ASLINI sorarsanız, 15 Temmuz'dan sonra artık hiç kıvırma payı kalmadı. Türkiye’nin iade talebi haklı ve yerindedir. Kaçarı yok, ABD’ye düşen de sağ sol yapmadan Gülen’i artık iade etmektir....
ASLINI sorarsanız, 15 Temmuz'dan sonra artık hiç kıvırma payı kalmadı.
Türkiye’nin iade talebi haklı ve yerindedir. Kaçarı yok, ABD’ye düşen de sağ sol yapmadan Gülen’i artık iade etmektir.
Şekil şartlarının yerine getirilmesi bir sorun mu, sorun. Yazılı kuralların iade dosyasında karşılanması gerekir mi, gerekir.
Ama isterlerse güle oynaya kitabına uydurabileceklerini biliyoruz.
***
Bülent Arınç, “ABD, ancak kullanma süresi dolmuşsa Gülen’i iade eder” diyor.
Katılmamak için bir neden görmüyorum.
Velev ki öyle, iade konusunda ABD’ye bastırmanın yöntem ve aracı konusunda farklı düşünüyorum.
Bütün bunlara rağmen, ABD ile ilişkilerimizin Gülen’in iadesi şartına rehin edilmesini doğru bulmuyorum.
Ya Türkiye ya Gülen diyerek ABD’yi bir tercihe zorlamak iyi sonuç vermez.
Sonuna kadar sıkıştıralım, zorlayalım.
Ama dış politikada dayatmanın işe yarar bir fikir olmadığını geçmiş tecrübelerden biliyoruz.
***
‘PYD mi, Türkiye mi’ diyerek ABD’yi birinden birini seçmeye zorladık. Ve sonuç vermedi, unutmayalım.
Sadece yakın bir müttefikle ilişkilerimizi PYD’nin ipoteği altına soktuğumuzla kaldık.
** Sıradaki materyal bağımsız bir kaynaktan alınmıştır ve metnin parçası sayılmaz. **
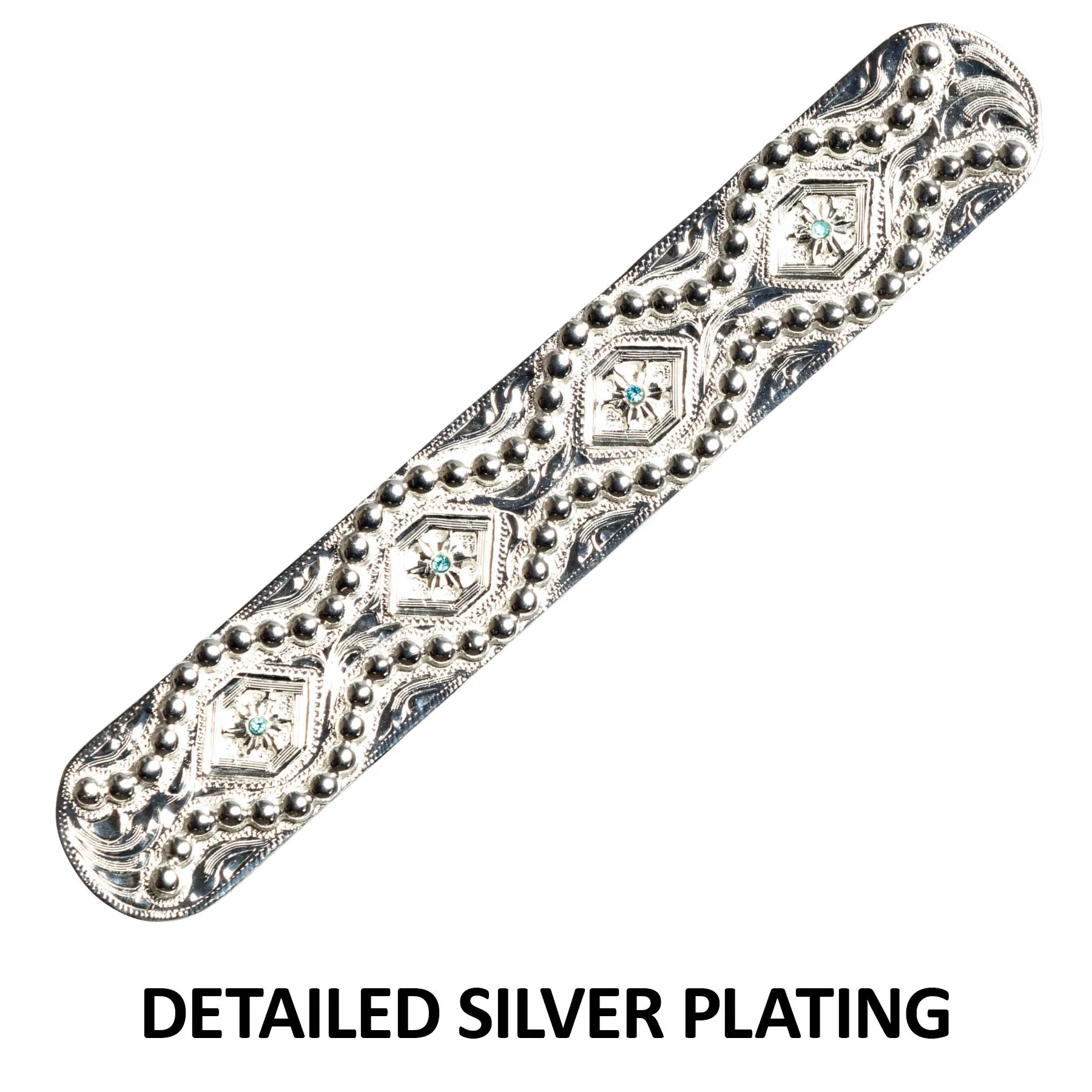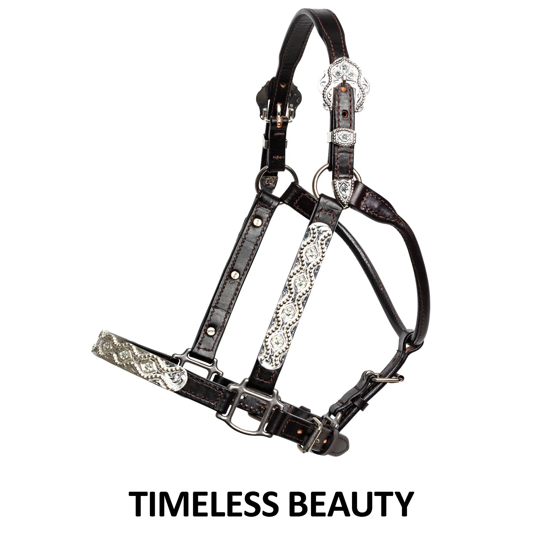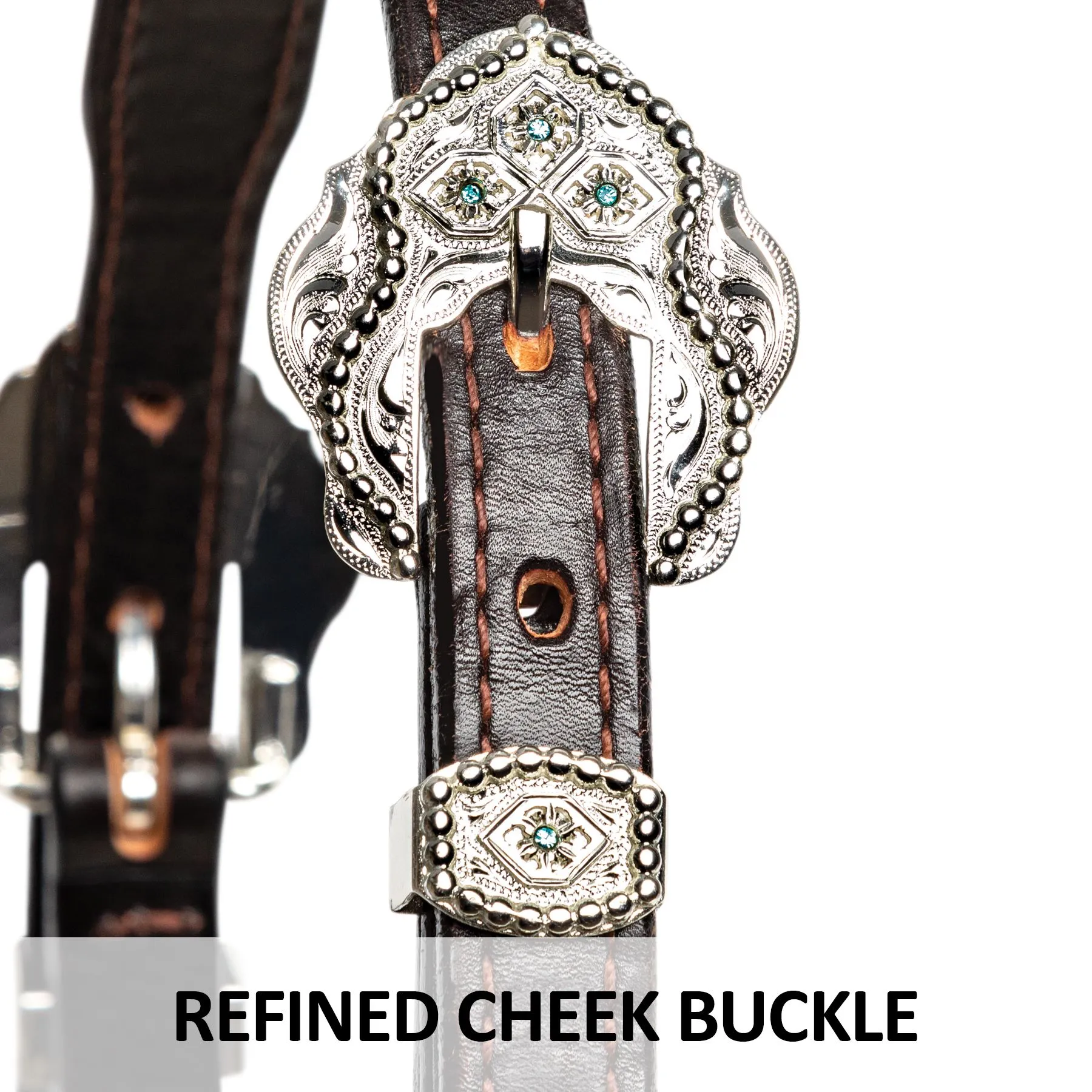 Creative design highlights a horse’s naturally beautiful features. Handcrafted from the finest premium heavyweight leather, hand rubbed and oiled for a supple finish and broke in feel. The engraved sterling silver plate trim in a timeless scroll pattern, and beautiful light blue crystal accents add just enough to catch your eye.

Mısır’la ilişkilerimizi darbeci Sisi’ye, Rusya’yla ilişkilerimizi düşürdüğümüz uçağın kara kutusuna rehin bırakmanın yanlışlığı da ortada.
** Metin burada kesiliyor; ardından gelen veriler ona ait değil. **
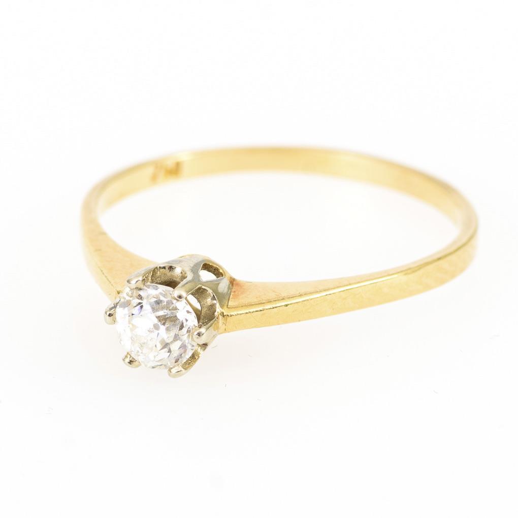Gelbgold 750 gestempelt. Brillant ca. 0,25 ct. Ringgröße 57. 2,1 g.
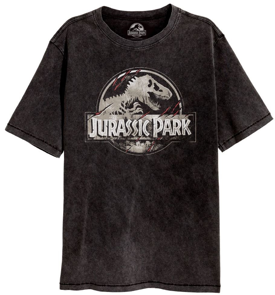 Atraktivní černé tričko s grafikou Scratched logo Jurassic Park (Poškrábané logo Jurského Parku).
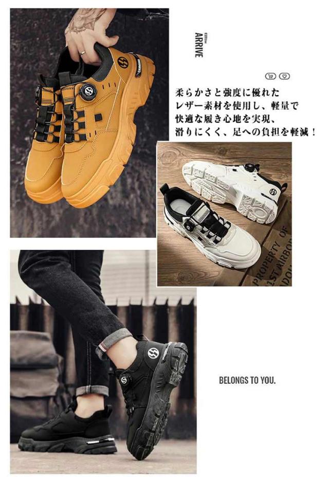 | 履きやすいメンズスニーカー 柔らかさと強度に優れたレザー素材を使用し、軽量で快適な履き心地を実現、滑りにくく、足への負担を軽減! 長時間履いていても快適です。 機能性とデザイン性を兼ね備え、履きやすく、足を包むインソールには、衝撃を吸収するクッションがついており、長時間歩いても疲れにくい。 深溝パターンの個性的なデザインの滑り止め加工、高摩擦ラバー素材で滑り止め性能がアップし、快適な歩き心地です。濡れた岩場や滑りやすい路面でもグリップ力が高く、使いやすい。衝撃吸収をサポートし、履き心地で疲労感を軽減、一日履いても疲れにくいです。 | |
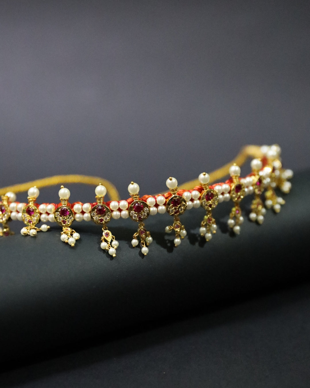 • Design: Dangler Moti Drops & Manik (Red Stone) Accents
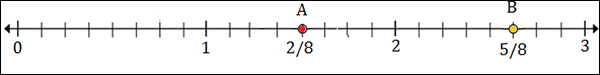 To plot 2$\frac{5}{8}$, we put a point between 2 and 3; 5 marks to the right of 2.
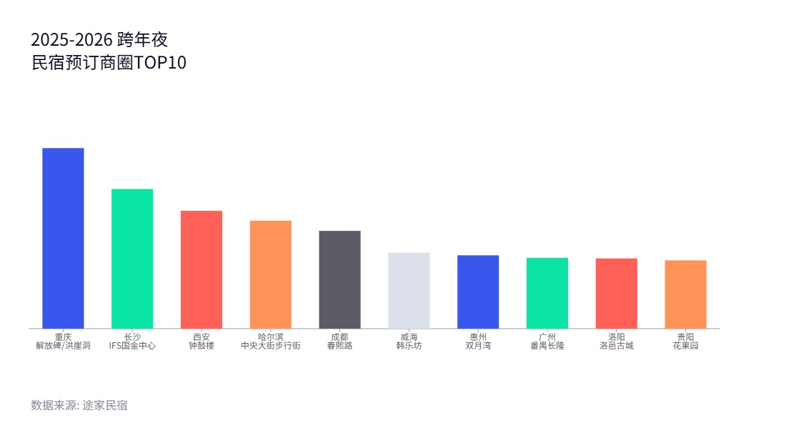 在12月31日跨年夜当晚,重庆解放碑/洪崖洞周边的民宿预订量位列全国商圈第一。长沙五一广场、IFS国金中心,西安钟鼓楼、回民街,哈尔滨中央大街步行街等,也成为跨年夜民宿预订火热的区域。
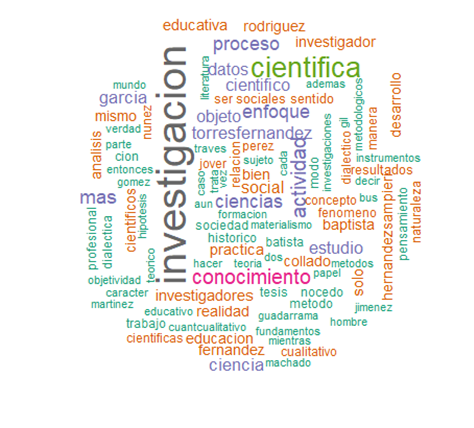 Este resultado se ha obtenido a través de la programación en RStudio de un algoritmo para conformar una nube de palabras representativa del contenido de la primera parte de la ya referida Tesis de segundo grado del autor del presente trabajo. Obsérvese que con este gráfico se pudieran hacer valoraciones preliminares acerca de las principales categorías del marco teórico-referencial asumido (a manera de empleo de la modalidad investigativa de teoría fundamentada, del enfoque cualitativo). Al mismo tiempo, se puede prestar la atención a los autores más referidos en esa parte del documento, lo cual anticipa la posibilidad de trabajar también análisis bibliométricos, otra arista importante de la actividad científica.

ABD’yle dostluğumuzu Gülen’in esir almasına izin vermemeliyiz.
***
Washington yönetiminin sözcüleri, Gülen’in iadesiyle Türkiye arasında bir seçim yapmak zorunda olmadıklarını şimdiden söylüyorlar zaten.
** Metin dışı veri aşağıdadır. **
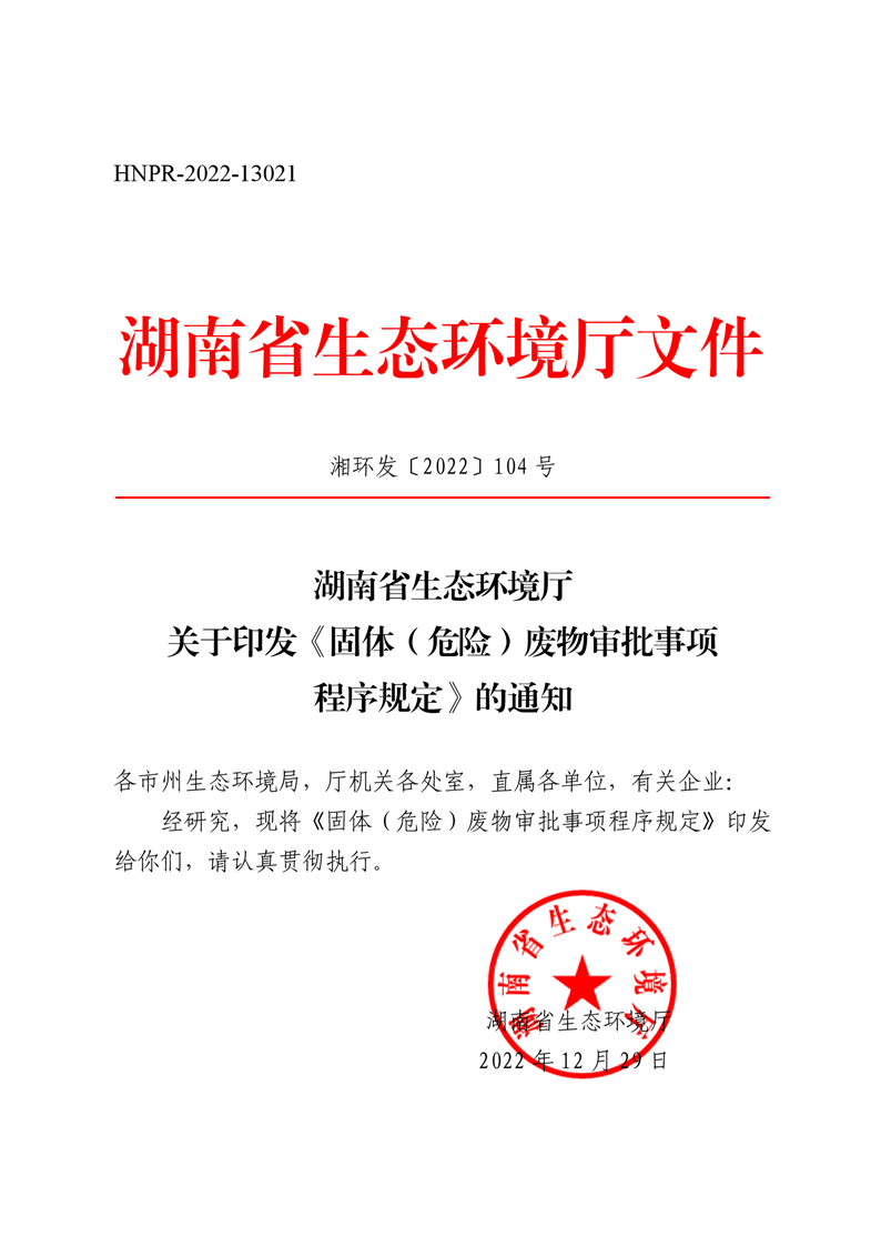 关于印发《固体(危险)废物审批事项程序规定》的通知
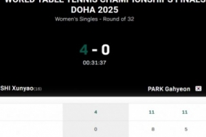 四局比分分别为:11-8,11-5,11-5,11-7。本场比赛石洵瑶仅用时32分钟,就轻松取胜。
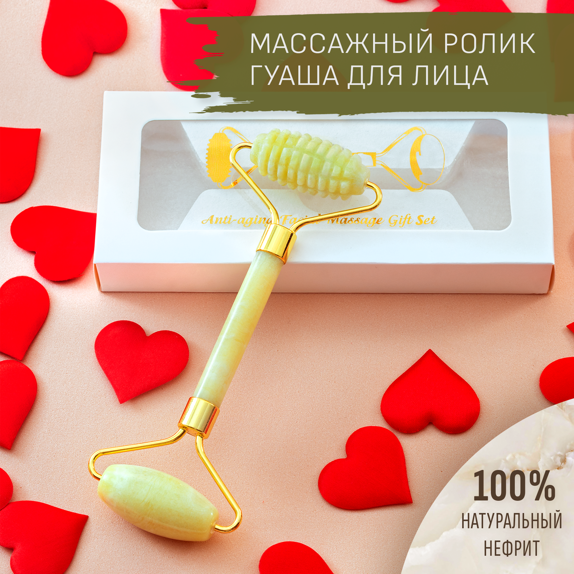 10 цен на Ролик Гуаша массажный из лимонного нефрита. Роллер нефритовый для массажа лица и тела. Подарок девушке и женщине на день рождения
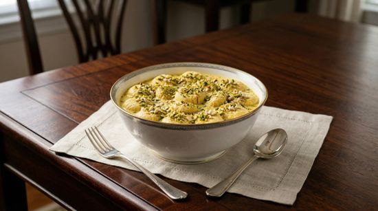 दूसरे बर्तन में 1 लीटर फुल क्रीम दूध उबालें। इसमें 1/2 कप चीनी, 4 कुटी हुई हरी इलायची और 1 बड़ा चम्मच दूध में भिगोए हुए 10 केसर के धागे डालें। 10 मिनट तक धीमी आंच पर पकाएं जब तक कि मिश्रण थोड़ा गाढ़ा न हो जाए।
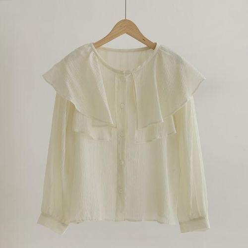 [오너클랜]인기상품 페미닌 여자 블라우스 벌룬 오피스룩 프릴카라 소매 세일러 [WFLAHWN_251215]

Gülen’i iade etmezlerse Türkiye’yi gözden çıkarılmış sayacağımızı söylemek faydasız.
Hem faydası yok hem bütün yumurtaları getirip tek sepete koymak akılcı değil hem de devletlerarası ilişkinin doğasına aykırı.
Dış politikanın daha esnek baskı araçlarıyla sıkıştırmaya devam edebiliriz. Yalnız, dayatmak yol değil.